Performance Considerations

Query Performance

  • Keyword search uses PostgreSQL FTS (tsvector + plainto_tsquery) with trigram fallback
  • Semantic search uses pgvector HNSW index (approximate nearest neighbor)
  • Hybrid search runs keyword + semantic in parallel, fuses with RRF
  • All searches are boosted by importance score: rank * (0.5 + 0.5 * importance)
  • Redis caching provides ~10x speedup for repeated queries

Consolidation Performance

  • Hot-tier rows are batched (50 per batch) for consolidation
  • Embedding generation uses batch API where available
  • Entity upserts use unnest() arrays for batch SQL operations
  • LLM calls are the bottleneck — concat mode is instant

Sleep Cycle Performance

  • Phase 1-2 are pure SQL — fast regardless of dataset size
  • Phase 3 is bounded by token budget — processes most-important first
  • Phase 4 entity dedup uses trigram index for fast candidate detection
  • Phase 5 delegates to existing reflect() mechanism

Docker Development

# Start all services
docker compose up -d

# View logs
docker compose logs -f memforge

# Reset database
docker compose down -v
docker compose up -d

The docker-compose.yml mounts schema/schema.sql into PostgreSQL's init directory for automatic schema creation on first run.

Python SDK Development

The Python SDK lives in python/python/memforge/. It is a separate package with its own pyproject.toml.

Setup

cd python/python
pip install -e ".[dev]"

Structure

File Purpose
memforge/client.py MemForgeClient — 18 async methods over httpx
memforge/resilient.py ResilientMemForgeClient — wraps MemForgeClient, returns safe defaults on errors
memforge/conversation.py ConversationMemory — chat-oriented adapter: add_turn, get_context, start_session, end_session
memforge/tools.py Tool definitions for OpenAI function calling and Anthropic tool_use formats
memforge/__init__.py Public exports
memforge/types.py Typed dataclasses mirroring TypeScript interfaces

Publishing

cd python/python
python -m build
pip install twine
twine upload dist/*

Install from PyPI:

pip install memforge

Framework Examples

examples/ contains runnable Python examples:

File What it demonstrates
quickstart.py Hello-world: add, query, consolidate
simple_chatbot.py Minimal chatbot with MemForge memory
openai_tools.py OpenAI function calling with MemForge tools
claude_tools.py Anthropic tool_use with MemForge tools
langchain_memory.py LangChain memory integration

Run any example with a running MemForge server:

MEMFORGE_URL=http://localhost:3333 MEMFORGE_TOKEN=dev python examples/quickstart.py

Troubleshooting

"relation does not exist" — Schema not applied. Run psql "$DATABASE_URL" -f schema/schema.sql

"extension vector does not exist" — Install pgvector: sudo apt install postgresql-16-pgvector or use the Docker setup.

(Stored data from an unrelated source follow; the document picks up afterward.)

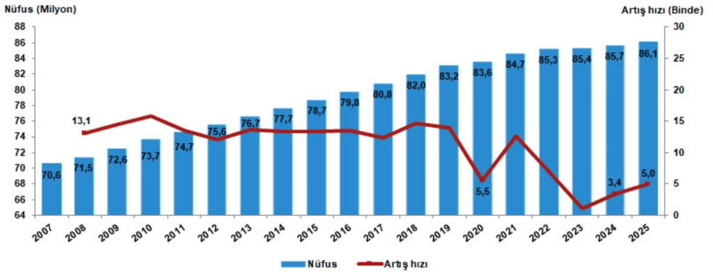 Yıllık nüfus artış hızı 2024 yılında binde 3,4 iken 2025 yılında binde 5 oldu.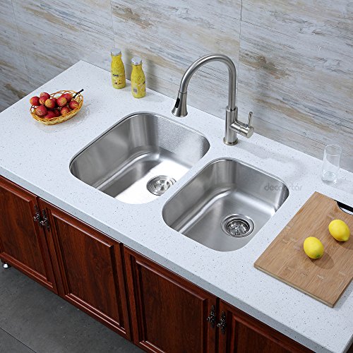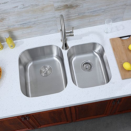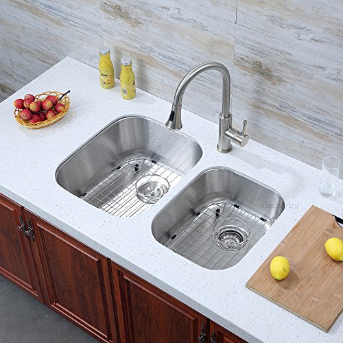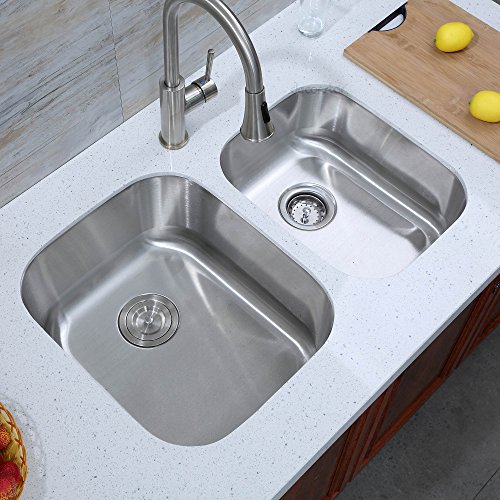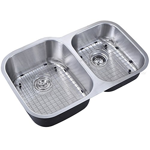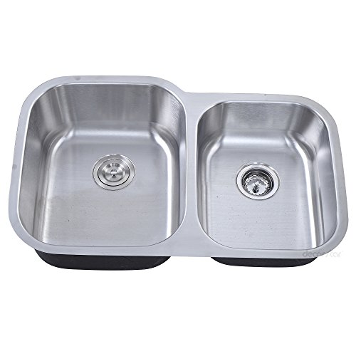 Decor Star P-008-B2 32 Inch Undermount 60/40 Offset Double Bowl 18 Gauge Stainless Steel Kitchen Sink cUPC, Grid, and Strainer Combo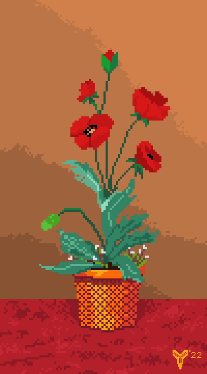 {TR} Bir küçük natürmort denemesi {ENG} A small still life study #pixelart #aseprite #pixelartist #art #16bitart #pixaki #pixelartwork #pixelartsociety #ドット絵 #픽셀아트 #pixelarts #stilllife #poppy #flowerpot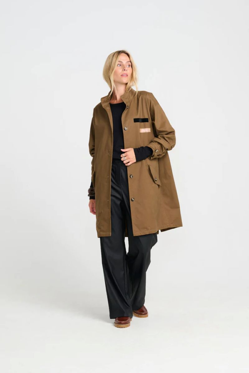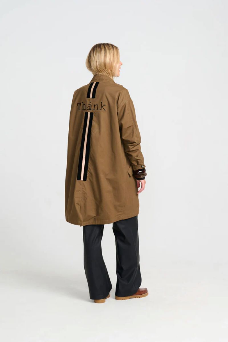 En superfin jacka, den här har texten ”Tack” på ryggen med ett ”i” inuti a:et. Så den kan även läsas som ”Tänk”. En supercool jacka i en brunaktig nyans.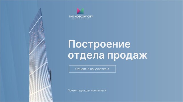 Компания THE MOSCOW CITY занимается всеми видами услуг, связанными с элитной и офисной недвижимостью в Москва-Сити. Одной из новых услуг была помощь в построении отдела продаж для застройщиков. Компании требовалось сформировать шаблон коммерческого предложения по этой услуге.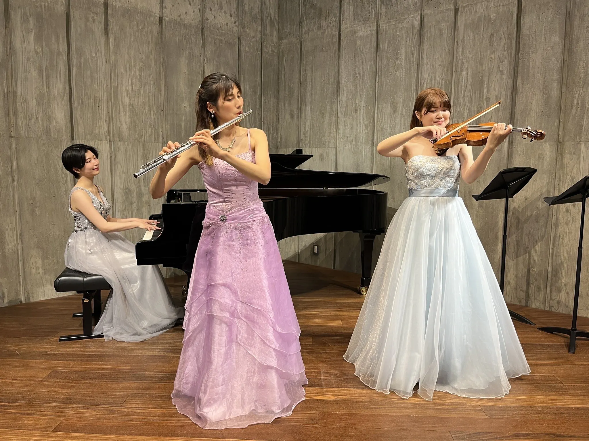 西洋楽器(フルート、ピアノ、バイオリン)を組み合わせた特別編成のアンサンブルが、独創的で美しい楽曲を演奏します。

"Semantic search requires an embedding provider" — Set EMBEDDING_PROVIDER=local (no external service needed), openai, or ollama, or use mode=keyword explicitly.

Redis connection errors — MemForge works without Redis. Set REDIS_URL to empty to suppress warnings, or start Redis.

LLM timeout during sleep cycle — Reduce SLEEP_CYCLE_TOKEN_BUDGET or use a faster model via REVISION_LLM_PROVIDER=ollama.